JOHN DEVINE: Governments always go on about environmentally friendly green sort of thing. You’d think they’d put a stop to manufacturers making products that can’t be mended. That seems very strange to me.
MIKE HARRIS: It’s a ridiculous situation. And we’re importing truck loads of appliances from China, none of which could be fixed. Even yesterday I advised somebody to go down to Argos, buy the cheapest iron they could find, cut the flex off that and put it on their good iron. That’s how ridiculous it is now.
JOHN DEVINE: So what, the flex .. I’m not with this. You can’t get the flex.
MIKE HARRIS: No. We used to buy it on a fifty metre drum, and just cut off two and a half metres, say there you go, there’s your iron flex. Put it on your iron, or we put it on for them.
JOHN DEVINE: Right.
MIKE HARRIS: But now we can’t get it.
JOHN DEVINE: So you might have a perfectly good iron, that’s perfectly serviceable. But the flex is gone so that’s absolutely screwed it. No good.
MIKE HARRIS: Pretty much.
JOHN DEVINE: And I believe you’re one of the few shops in Cambridgeshire, certainly in Peterborough, with this sort of service, mending things, electrical items, appliances. Is that right?
MIKE HARRIS: There are others. We’re the only shop left in Peterborough. Effectively, out of the nine shops like us that were here in 1980, we’re the only one left.
JOHN DEVINE: And as someone who repairs washing machines, what you’re telling me is the bearing’s going, but everything else on that washing machine is A1 and all right, normally.

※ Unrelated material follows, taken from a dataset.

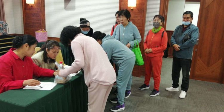 在2020年10月1日这一天,我们相约来到富豪商务酒店的会议室,工作人员早已等候并欢迎家人们,发放月饼、水、口罩,并担心天凉还为大家准备了开水。

MIKE HARRIS: It could well be. Yes. If people are using their washing machine a lot, the bearing is going to take a lot of hammering. And they’re going to suffer.
JOHN DEVINE: You’re also telling me that someone could, in theory, mend their washing machine for eighteen pounds fifty, do it their self.
MIKE HARRIS: Yes. That’s right.
JOHN DEVINE: Is that easy to do it yourself?
MIKE HARRIS: Well I wouldn’t say perfectly easy. It’s an afternoon of cussing and swearing. (THEY LAUGH)
JOHN DEVINE: But you can do it.
MIKE HARRIS: Well kettles for instance. We used to repair hundreds and hundreds of kettles. We used to buy elements by the hundred. Now, we haven’t fixed a kettle in, well I can’t remember how many years. A fair few years. Because they’re all exchange items. They’re not made to be repaired any more.
JOHN DEVINE: I tell you what, I’ve got that kettle.
MIKE HARRIS: Have you?
JOHN DEVINE: Yes. So if it goes wrong, that’s me finished.
MIKE HARRIS: If it goes wrong, it’s landfill. Back in the day, your Russell Hobbs K3 kettle which was a very popular kettle, that used to retail about thirty six pounds. We used to repair them for about twelve or fourteen pounds.
JOHN DEVINE: So financially worth it.
MIKE HARRIS: Well worth it. And they were good kettles. Now, people bring in a kettle, can’t be fixed. We just have to turn them all in.
(LIVE)
CHRIS MANN: Johnny D , our reporter there.